Capitol Report: Biden pledges to buy 24/7 carbon-free electricity pushed by Clean Air Task Force, Google and others


Google, Adobe and Hewlett Packard joined environmental groups including the Clean Air Task Force and the Environmental Defense Fund to urge the Biden administration to use its role to force the federal government — the world’s largest electricity customer — to buy 100% clean electricity, available 24/7 and locally sourced.

The president included the pledge in Wednesday’s infrastructure announcement.

Read: Biden rolls out $2.3 trillion infrastructure plan: ‘It’s bold, yes, and we can get it done’

The approach, which officials at the groups say plays off of President Biden’s use of executive powers on climate change early in his administration, promotes decarbonizing electricity consumption in each hour on each regional grid, and securing a 24/7 clean energy supply. Read the letter to the White House.

The size of the federal government will then promote cleaner power throughout the private sector, the proponents argue. The federal government consumed 53 million megawatt hours of electricity in 2019 but only about 8% to 9% was counted as renewable sources, the Clean Air Task Force says. Overall, the U.S. federal government spends $500 billion on electricity procurement every year, for its Defense department and other uses. 

The Biden administration has set a goal of creating a 100% clean electricity grid by 2035 but details of that plan are still evolving. He has returned the U.S. to the voluntary Paris Climate pact, which aims to cut fossil fuel-linked global greenhouse gas emissions and limit the global temperature increase in this century to no more than 2 degrees Celsius above preindustrial levels.

The proposal by the Clean Air Task Force and co-writers focuses on how much power is actually being used in real time, an approach that differs from the traditional clean energy procurement approach in place. The current system relies on purchasing electricity from renewables or renewable energy credits from faraway solar and wind projects and still leans heavily on fossil fuels, especially natural gas, when solar and wind are compromised.

The existing model doesn’t provide the right incentives for investment in advanced storage or in carbon-free technologies, as it allows demand to be satisfied by distant energy projects regardless of the time of generation and consumption, the proposal’s architects say.

A broad-based portfolio of energy sources and emissions reducers is considered part of the mix promoted with this plan, including green hydrogen and nuclear energy, as well as carbon capture and advancements in battery storage, which are options often included in bipartisan proposals for updating the power grid, said Lindsey Baxter Griffith, federal policy director with the Clean Air Task Force.

“We believe the U.S. government, the largest electricity buyer in the world, has power to move markets,” said Baxter Griffith.

Market-based solutions to curbing climate change, including those that lean on technological innovation, remain a key theme of most Republican-led legislative proposals.

Alphabet’s Google

and Hewlett Packard Enterprise

stand to benefit as they too have pledged to maintain carbon-neutral data centers and other energy-use reductions at their giant operations.

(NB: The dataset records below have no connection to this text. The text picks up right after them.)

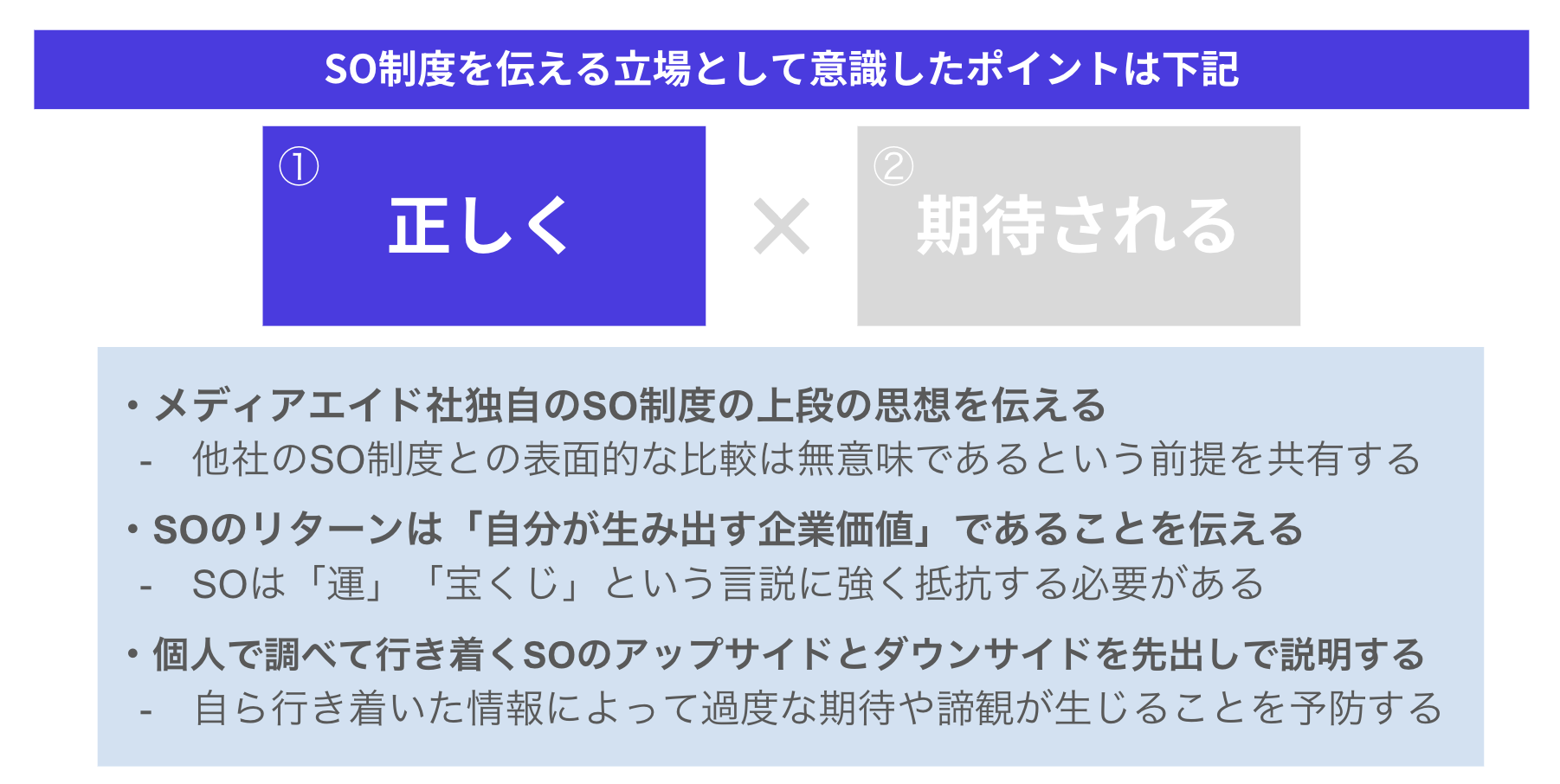 「僕らが伝えなかったとしても、SOを付与された従業員たちは自分で調べるはずです。そのときにネガティブな情報に触れて『うちのSOも紙くずになるんだ。会社は都合のいいことしか教えてくれなかった』と感じられてしまったら期待や信頼を失います。世間に広まっている光と闇のイメージを共有したうえで『どちらも事実です。だからこそ、メディアエイドのSOを正しく理解し、当事者意識を持ってどう活用するか自分で選びとってほしいです』と伝えました」(COO石毛さん)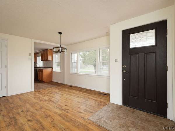 Bring your suitcase ready cozy 3 bedroom 1.5 bath ranch home offering modern finishes and convenient one-level living. This inviting ranch home offers a cozy living/dining area which flows right into the kitchen that was renovated in 2018. There is a full basement that has a workshop, storage area and a rec/family room that is just waiting for you to finish to your liking. From the living room go out onto your covered back porch where lazy evenings are meant to be spent and what a wonderful area to be able to entertain friends and family. The backyard is fenced in for your privacy and for the safety of your 4 legged family members! There is a one stall attached garage that has a wood chute that goes into the basement. Situated on 2 acres just outside the village limits in Chaumont this home is within walking distance to a marina, the public park and beach.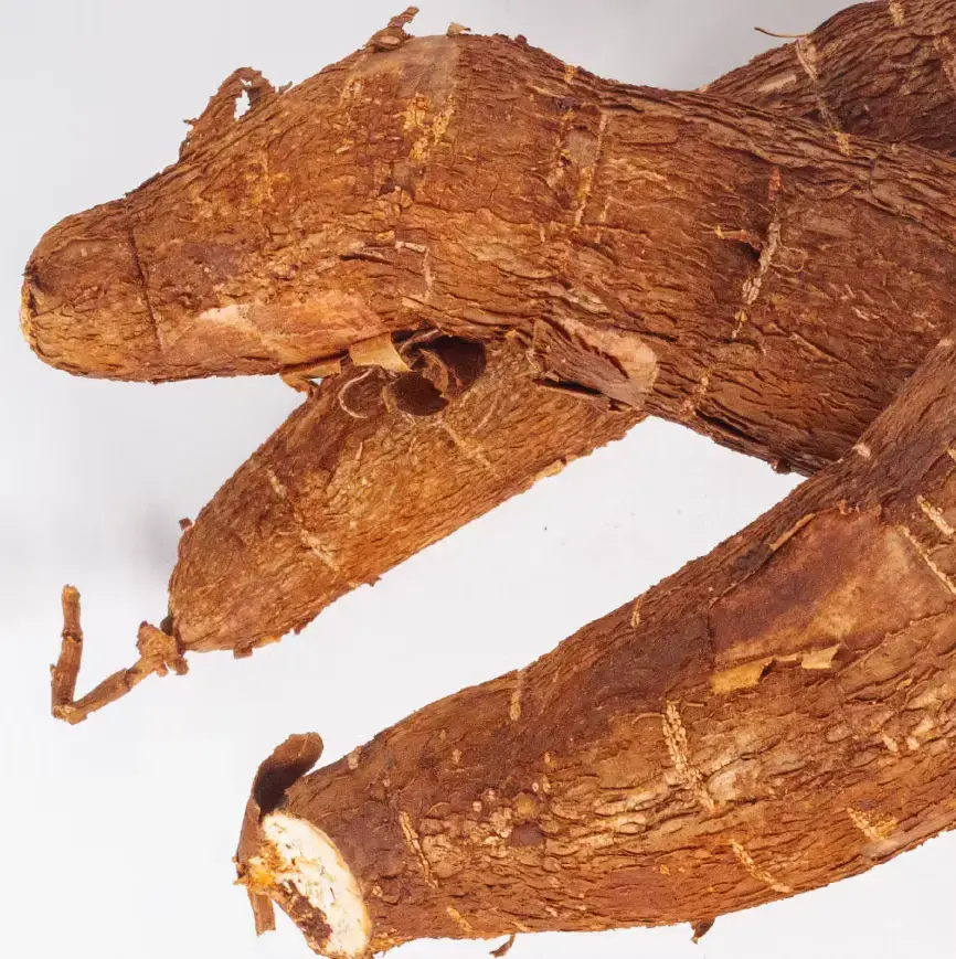 La yuca es un tubérculo de raíz cilíndrica y alargada, que puede alcanzar hasta 40 cm de largo y 15 cm de diámetro. Su piel es de color café oscuro, lo que le da un aspecto rústico y terroso; en contraste, su interior va de blanco a beige claro.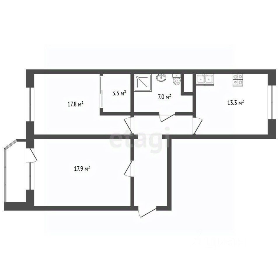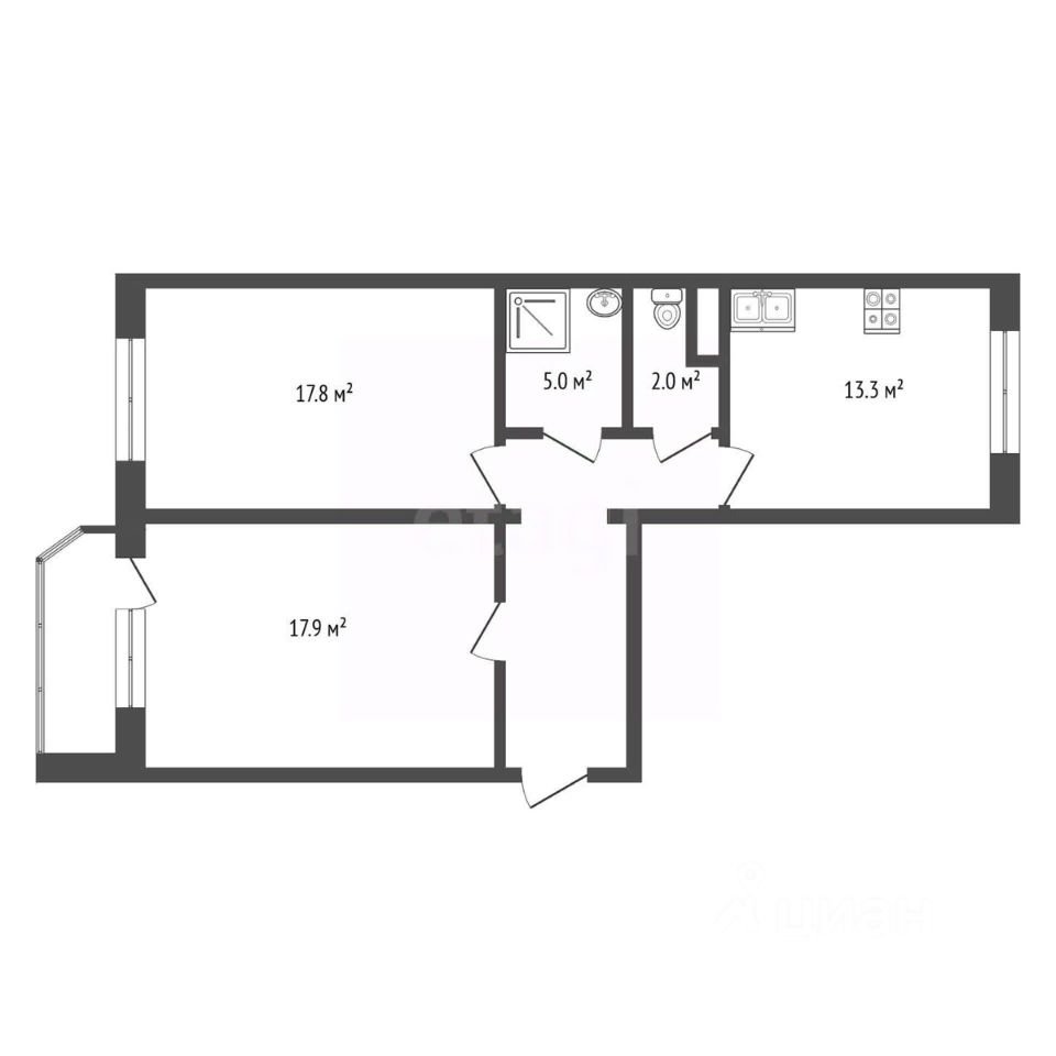 Планировка-распашонка. Большая кухня и две отдельные спальни, с одной из спален выход на большую, теплую лоджию, на которой можно оборудовать кабинет или игровую зону.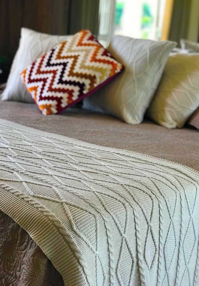 Imagem 28 – E se você ir um pouco além e fazer a peseira de maxxi crochê com almofadas de nó?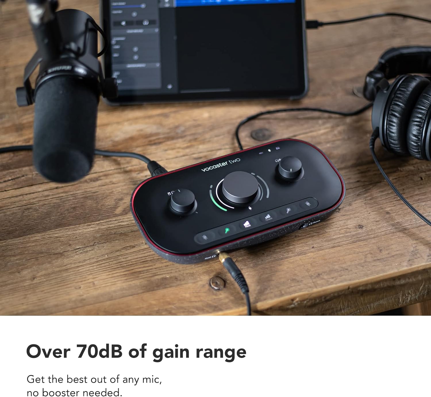 ¿Cómo puedes conseguir el sonido de emisión que merece tu pódcast? La respuesta nunca ha estado tan clara. Disfruta de un sonido increíble con una ganancia más que suficiente para cualquier micrófono XLR, tanto para ti como para un invitado. Capta la conversación en el estudio, por teléfono o en línea. Ajusta los niveles, mejora el sonido con un solo clic y destaca con Vocaster Two en segundos. Consigue que tu pódcast suene profesional gracias al control automático de ganancia (Auto Gain), la función de mejora (Enhance), los dos conectores de micrófono y los dos de auriculares, el audio por Bluetooth desde el teléfono y mucho más.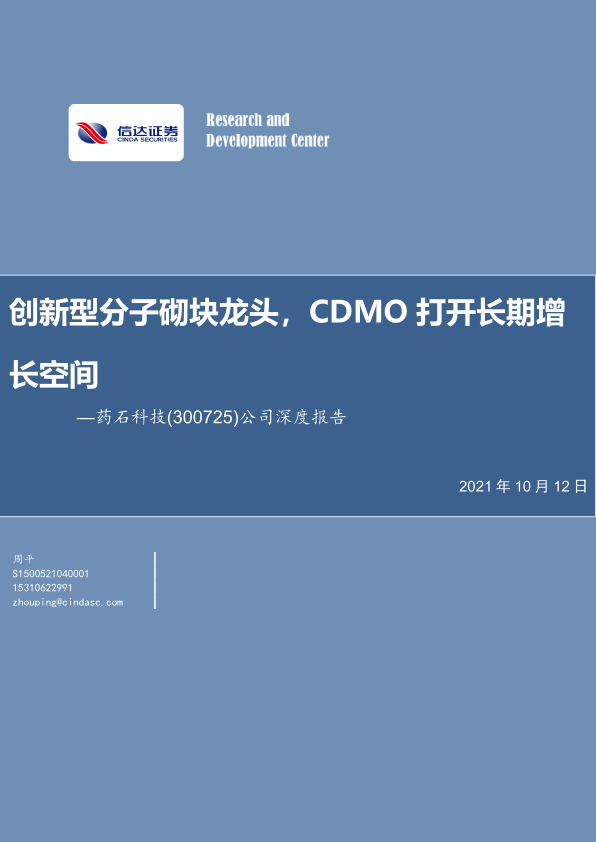 公司深度报告:创新型分子砌块龙头,CDMO打开长期增长空间

Google, which since 2017 has been able to match 100% of its global, annual electricity consumption with renewable energy, is also now working to decarbonize its electricity supply entirely and operate on 24/7 carbon-free energy throughout its operations by 2030.

Michael Terrell, director of energy with Google, told MarketWatch that achieving 24/7 carbon-free electricity didn’t seem realistic when charting out the future of energy as recently as 10 years ago. But now hitting that goal by the 2030s, and achieving measurable progress along the way, is reachable. “We can see the end zone,” he said, helped in part by more competitive pricing for wind and solar relative to cheaper natural gas.

The strength of a shared goal between the public and private sectors can’t be underestimated and is more likely to achieve bipartisan buy-in, the proponents of the plan say.

“If we move collectively as electricity buyers, the market will respond,” said Terrell. “And in many ways, the market is already there. There’s not a utility in the country that doesn’t have a version of a clean energy offering or ‘green’ tariffs or programs to ‘green’ their truck fleets.”

The proposal by the group, which also includes the Natural Resources Defense Council and The Nature Conservancy, also argued that the regional approach will promote job creation, especially in areas that may need to replace traditional-energy jobs and will allow a more nimble environmental response to historically underserved areas, part of the “environmental justice” argument that has gained increasing traction.